◆ What is required
Copy exactly the line containing "settings.jsonin your text" and all the lines that follow it to the end of the records, minus the pictures.

◆ Available data
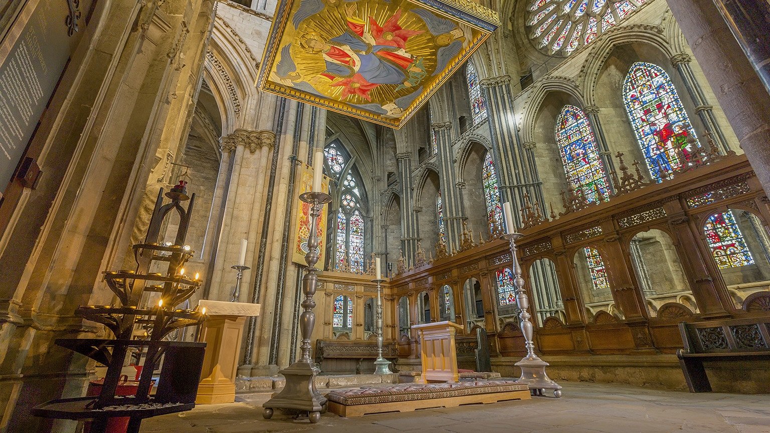 With St Cuthbert’s shrine as well as a treasure museum, this Norman C of E church is architecturally inventive.
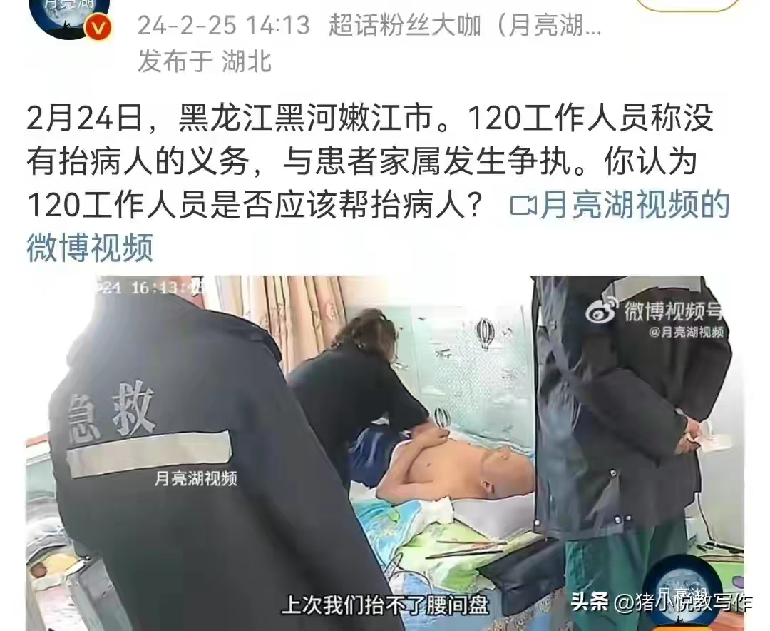 在2月24日下午4:00,发生在黑龙江黑河嫩江市,家中老人生病了,女子打了120急救电话。没想到的是,救护车来了以后,医生不愿意抬病人。一开始说涉及到腰椎的病人,他们抬不了,后来就直接说没有这项业务。这真的是让大家大呼意外!
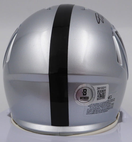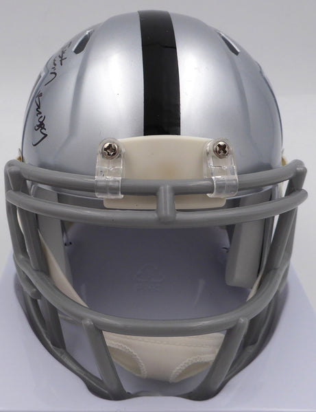 This is a Las Vegas Raiders Mini Helmet that has been hand signed by DJ D.J. Turner. This item was inscribed "Just Win Baby." There is an imperfection in the signature as shown. This item has been certified authentic by Beckett Authentication (BAS) and comes with their tamper-proof QR Code hologram.
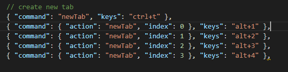 settings.jsonin your text editor and follow the instructions in the documentation (found here) to change the default bindings. In the screenshots below I have changed the bindings fromctrl+shift+1,ctrl+shift+2, etc... toalt+1.Save and then restart your Windows Terminal client and use the default hotkey (
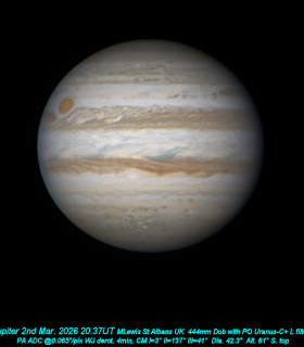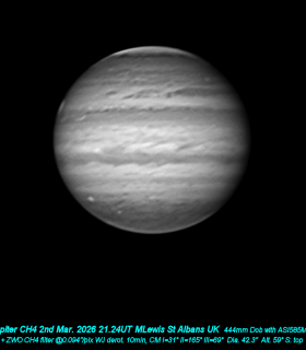 | Equipment: | 444mm Dobsonian, ASI585MM with ZWO Methane filter | | Location: | St Albans, UK | | Observer: | Martin Lewis | | Target name: | Jupiter |

◆ Response for this exercise
 settings.jsonin your text editor and follow the instructions in the documentation (found here) to change the default bindings. In the screenshots below I have changed the bindings fromctrl+shift+1,ctrl+shift+2, etc... toalt+1.Save and then restart your Windows Terminal client and use the default hotkey (
 | Equipment: | 444mm Dobsonian, ASI585MM with ZWO Methane filter | | Location: | St Albans, UK | | Observer: | Martin Lewis | | Target name: | Jupiter |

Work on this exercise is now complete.